その姿には先輩後輩は無く、初対面の様な他人行儀の姿がそこにあった。
ウェンディだけでは無く、他のメンバーの殆どが顔見知りでありながら重苦しい雰囲気がこの部屋にはあった。

「皆、集まってくれてありがとな。まだ上からは直接命令は来てへんけど恐らく私達にはゆりかごを止めるため近いうちに駆り出される事になるやろう。今、無限書庫のユーノ君にも協力してもらってゆりかごについて調べてもらっとる。それについてはまた改めて………今回は有栖家の皆にも来てもらい確認したい事があったからここまで来てもらったんやけど………」

そう言いながらはやては星達を見る。星達は何も言わず静かにはやての言葉を待った。

「私達は星ちゃん達を信じておった。……いや、今も信じとる。呼ばれた時点でどんな話の内容かはもう分かってるはずや。………私達に隠している事、話してくれへんか?」

そう言われはやては星達を見る。
暫く無言が部屋の中を包む中星が立ち上がり、はやての隣に立った。

「………皆さん初めまして。
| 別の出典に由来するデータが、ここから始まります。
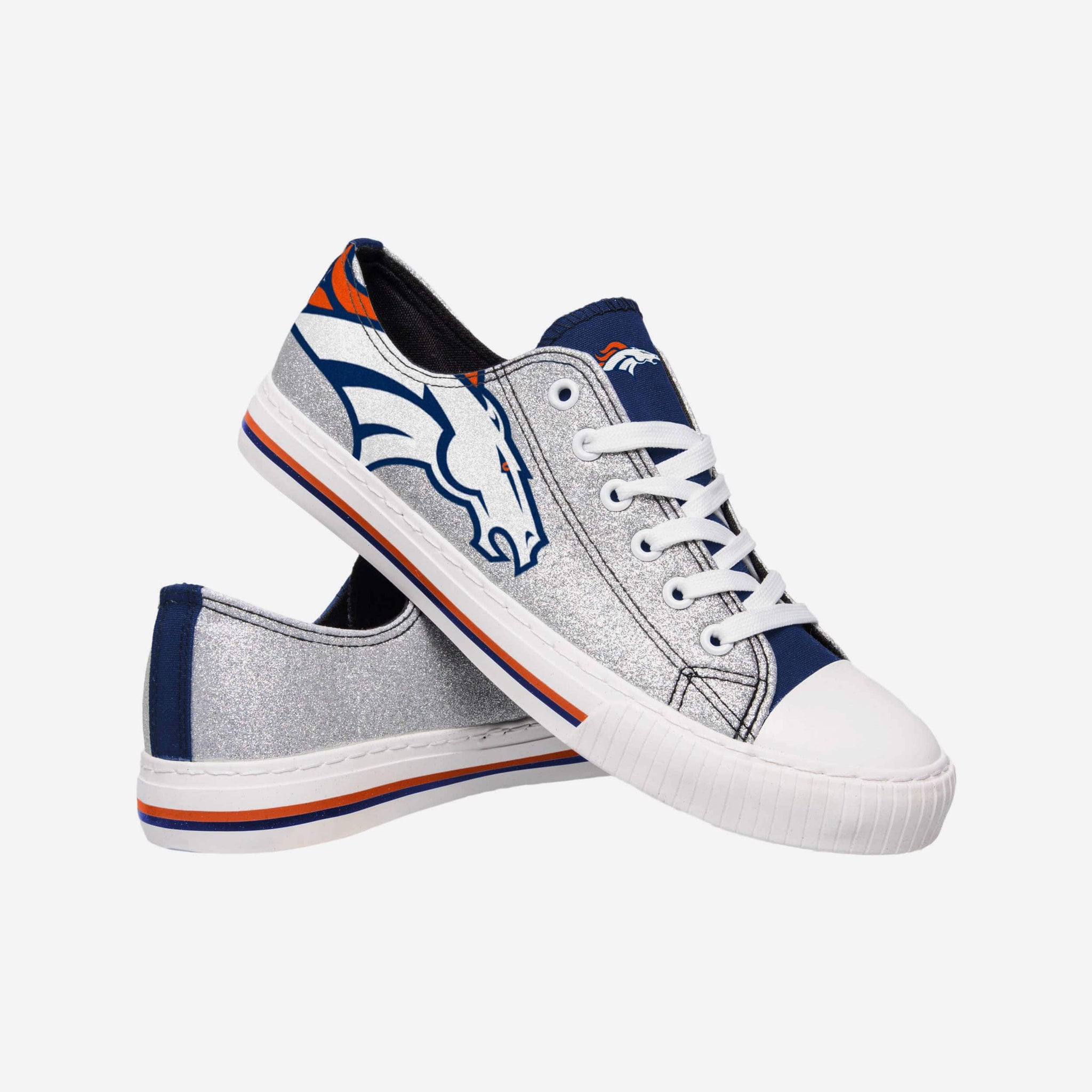 Shouldn't your shoes shine as bright as your fandom? That was a rhetorical question. Of course they should. Lace up these Denver Broncos Glitter Low Top Canvas Shoes and brighten up your sense of fan fashion.

顔見知りも多いですが自己紹介させてもらいます。私は有栖星。地球に住む一般人です。………ただ私達には魔力がありデバイスも使えます」

そう言って一旦言葉を切る。
目を瞑り、自身を落ち着かせる。

そして覚悟を決め、話し始めました。

「皆さんが映像で確認した刀を使う魔導師は有栖零治、私達の家主で、かつて黒の亡霊としてミッドチルダ最強の傭兵黒の亡霊と呼ばれていました………」































「ストーカー?」
「そうなの…………」

5月の中旬。
ゴールデンウィークの殆どをバイトで過ごしたりと憧れのキャンパスライフから外れた生活をしてきた俺。エリスとも数日出かけただけで、当人はゴールデンウィーク前から不機嫌そうだったが、それでも当日はショッピングに食事と中々楽しい時間を過ごせたと思う。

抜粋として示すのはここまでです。